M. le président. Madame Guillotin, l'amendement n° 1 est-il maintenu ?

Mme Véronique Guillotin. Je remercie ma collègue de l'énergie qu'elle a mise à défendre cet amendement.

Je pense que cette proposition ne tombera pas dans l'oubli. Pour ma part, je vais retirer mon amendement, comme je m'étais engagée à le faire.

En revanche, je souhaite que les deux mesures législatives que nous avons recommandées dans notre rapport sur la soumission chimique soient reprises. La question de la soumission chimique doit être examinée à 360 degrés. Sandrine Josso et moi ne lâcherons rien sur ce sujet.

Je vous fais confiance, madame la ministre, en espérant ne pas me tromper.

Mme Annick Billon. Très bien !

Mme Véronique Guillotin. Je retire donc mon amendement.

M. le président. L'amendement n° 1 est retiré.

Mme Marie-Pierre de La Gontrie. J'en reprends le texte, monsieur le président !

M. le président. Je suis donc saisi d'un amendement n° 1 rectifié, présenté par Marie-Pierre de La Gontrie, et dont le libellé est strictement identique à celui de l'amendement n° 1.

Je le mets aux voix.

(L'amendement n'est pas adopté.)

M. le président.
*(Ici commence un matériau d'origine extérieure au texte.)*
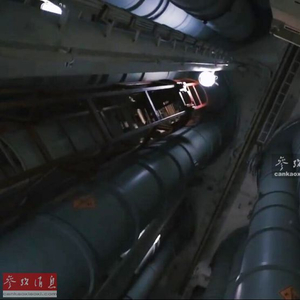 图中可见记者与导弹发射筒的尺寸对比,凸显发射筒的巨大。

L'amendement n° 2, présenté par Mme Guillotin, M. Bilhac, Mme Briante Guillemont, M. Cabanel, Mmes M. Carrère et Conte Jaubert, MM. Daubet, Fialaire, Gold et Guiol, Mme Jouve, M. Masset, Mme Pantel et M. Roux, est ainsi libellé :

Après l'article 1er

Insérer un article additionnel ainsi rédigé :

Après le 3° de l'article 226-14 du code pénal, il est inséré un alinéa ainsi rédigé :

« ...° Au médecin ou à tout autre professionnel de santé qui porte à la connaissance du procureur de la République une information relative au fait d'avoir administré à une personne, à son insu, une substance dans les conditions mentionnées à l'article 222-30-1 du présent code, lorsqu'il estime en conscience que la victime n'est pas en mesure de se protéger en raison de l'altération temporaire de son discernement ou du contrôle de ses actes par un tiers. Le médecin ou le professionnel doit s'efforcer d'obtenir l'accord de la victime majeure ; en cas d'impossibilité d'obtenir cet accord, il doit l'informer du signalement fait au procureur de la République ; ».

La parole est à Mme Véronique Guillotin.

Mme Véronique Guillotin. Cet amendement a pour objet la levée du secret médical. Il vise à ajouter à la liste des situations dans lesquelles ce secret peut être levé les cas de soumission et de vulnérabilité chimiques, qui ne sont pas clairement indiqués dans la loi à ce jour.